Thanks for all of your suggestions, guys. It really shines some light on this crappy situation. I'm actually quite lucky I didn't burn my house down when this happened, as my printer is located in my room's closet. If the wooden frame caught fire, who knows what could have happened.

I'll take the board off the frame and analyze it some more and take some pictures when I get home. Maybe we can find a solution that won't require me buying a whole new $50-$80 board/shield. Funds are tight right now and I'm really counting on my printer being up and running to create pieces for some of my current projects.

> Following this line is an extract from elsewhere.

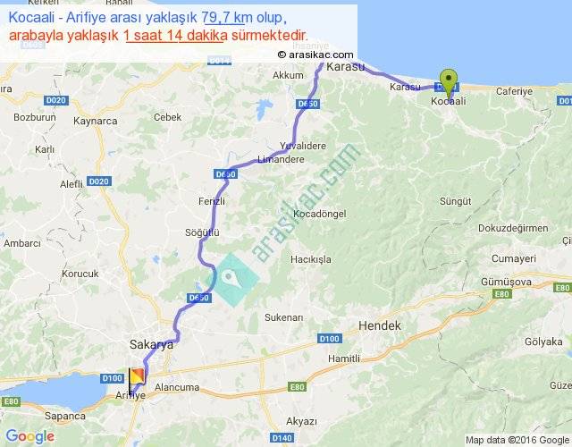 Kocaali - Arifiye arası yaklaşık olarak 90 km/h ile yukarıda belirtilen sürede olup, iki yerin kuş uçuşu uzaklığı (mesafesi) 56'dir. Yolculuk otobüsle 1 saat 36 dakika sürmektedir.

I don't really see the usefulness of a screw terminal on a vibrating machine since the potential of the vibrations loosening the screw is always a possibility. I would've preferred a pin connector like the rest of the board uses for the motors and thermistor. I also assume that it was entirely my fault for this happening since there was a very small amount of exposed wiring sticking out of the connector, creating the possibility for this issue to occur. My first solution is to modify the board's code to run the bed off of D9, which is completely unaffected. In the pins.h file, the bed runs off of '5', so I'm not sure how to go about moving it to D9. I'll eventually upgrade to a RAMBo board anyways, but I just need a quick fix in the mean time.

Thank you everyone.

EDIT [10/14/2014 @ 9:30AM]: Colin just replied with:
"I have seen that before if the heat bed is struggling to maintain the target temperature. There are a couple things that can help with this, first make sure you have insulation under the heat bed, next a heat bed relay will be the biggest help, if you get the heat bed relay you can move your heat bed to d9, if you do not get a heat bed relay d9 will quickly get damaged if trying to run the heat bed. The relay will let you reach higher heat bed temps at faster speeds, otherwise 110c may be difficult to reach.

From what I have seen in the past this is just due to very high current, not from shorting. The heat bed technically is shorting the two wires out so it can't be protected.